Pair Programming Exercises

What does not join well? Can you fix any of them via changes in the tb or worldmap dataset? Or should you not bother?
Can you make a map showing change in mortality over four years (filter to four years, and then use facet_wrap)?

Wibbly Wobbly Visualizations

This is all well and good, but what if you want to be google maps? There are a few packages out there. leaflet and tmap are the dominant. I <3 leaflet, but I find tmap is easier to get used to, as it functions similarly to ggplot. There’s also a nice primer in Geocomputation in R. Both are great, but, for the moment, let’s try tmap!

Let’s start with this heart diesease data to see how it works in general. The basic way that tmap works is that it uses tmap_shape() to reference a dataset, and then a series of functions after to add features from that dataset - e.g., tm_polygons(). It doesn’t use NSE, so we put quotes around column names.

library(tmap)

first_tmap <- tm_shape(shp = heart_disease_map_data) +
  tm_polygons(col = "Death_Rate")

Hey, wait, I said interactive! To make it so, we call tmap_mode("view") before we run things. Right now we’re in the plot view.

tmap_mode("view")

first_tmap

OH! Cool! Play around a bit here!

You can still do a lot with tmap and the vignette shows off a lot like facets. Also, see how we add palettes. I’m using a list because we have two elements. And see tmaptools::palette_explorer() for more on colors.

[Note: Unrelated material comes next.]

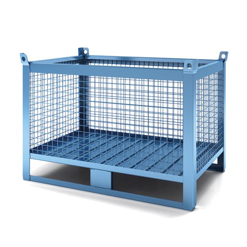 Contenitore metallico impilabile in rete con sponda asportabile colore blu RAL 5015. Dimensioni 1200x800x650+150+50h. Tara 53 kg/ca. Portata 800 kg.

tm_shape(incidence_df_2016) +
  tm_polygons(c("est_incidences", "est_mortality"),
              palette = list("magma", "viridis")) +
  tm_facets(sync = TRUE, ncol = 2)

We can also use facets in a non-interactive way that is quite useful..

tmap_mode("plot")
tm_shape(incidence_df_2016) +
  tm_polygons("est_incidences") +
  tm_facets(by = "region_un")

Exercise

Turn the following two examples:

ggplot(incidence_df, aes(fill=est_incidences)) +
  geom_sf() +
  scale_fill_gradient(low = "blue", high = "red")

ggplot(incidence_df_2016, aes(fill=cut_interval(est_incidences_per_100K_people,5))) +
  geom_sf() +
  scale_fill_brewer(palette = "YlOrBr",
                    guide = guide_legend("Incidences per 100K"))

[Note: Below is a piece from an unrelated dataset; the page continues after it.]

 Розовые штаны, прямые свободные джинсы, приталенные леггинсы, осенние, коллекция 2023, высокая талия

into tmap syntax using tm_shape(), tm_polygons(), and the palette argument. Explore palettes if need be. To change the legend name, see ?tm_polygons for the proper argument. Make them interactive!

Final Lab Exercise!

OK, this is all well and good. Working alone or in groups, I’d like you to load up the coronavirus package. Remembering that a. Each row represents one report, b. Each report has a type (confirmed, death, or recovered), c. Each report comes with other geospatial information - country, state, etc.

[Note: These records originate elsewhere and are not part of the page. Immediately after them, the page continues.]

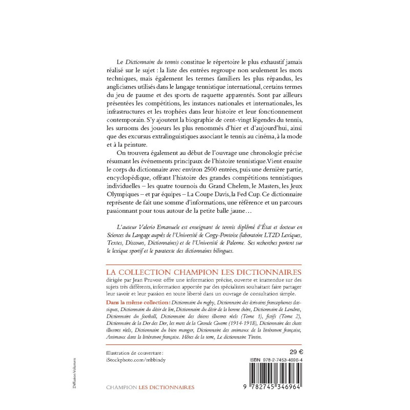 L’auteur Valerio Emanuele est enseignant de tennis diplômé d’État et docteur en Sciences du Langage auprès de l’Université de Cergy-Pontoise (laboratoire LT2D Lexiques, Textes, Discours, Dictionnaires) et de l’Université de Palerme. Ses recherches portent sur le lexique sportif et le paratexte des dictionnaires bilingues.
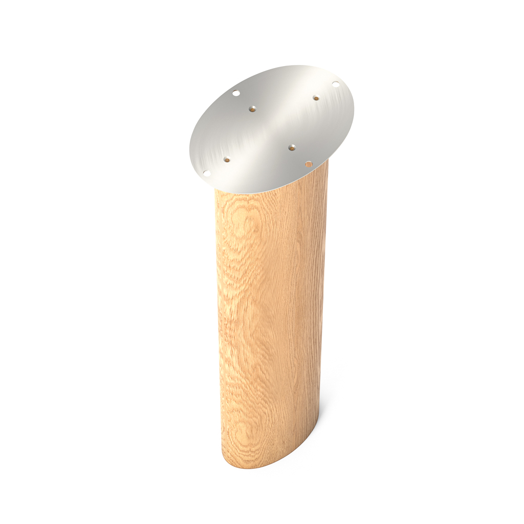 • Выразительная деревянная вертикальная опора обтекаемой формы с овальным поперечным сечением. Поставляется с установленной металлической монтажной пластиной (толщина 2 мм.)
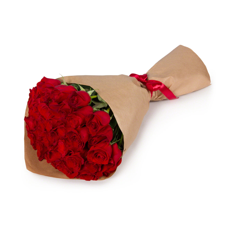Элегантный букет из красных роз в экологичной крафтовой упаковке — это современное проявление искренних чувств.

I’d like you to visualize some aspect of the spatial distribution of coronavirus. The maximum date in the dataset isn’t current, so, just remember that. If you want to look at a more current dataset, check https://data.humdata.org/dataset/novel-coronavirus-2019-ncov-cases - but you will have to look hard at the data to understand what is there. (I’m working on a method to get something more current within R along with Rami Krispin and others.)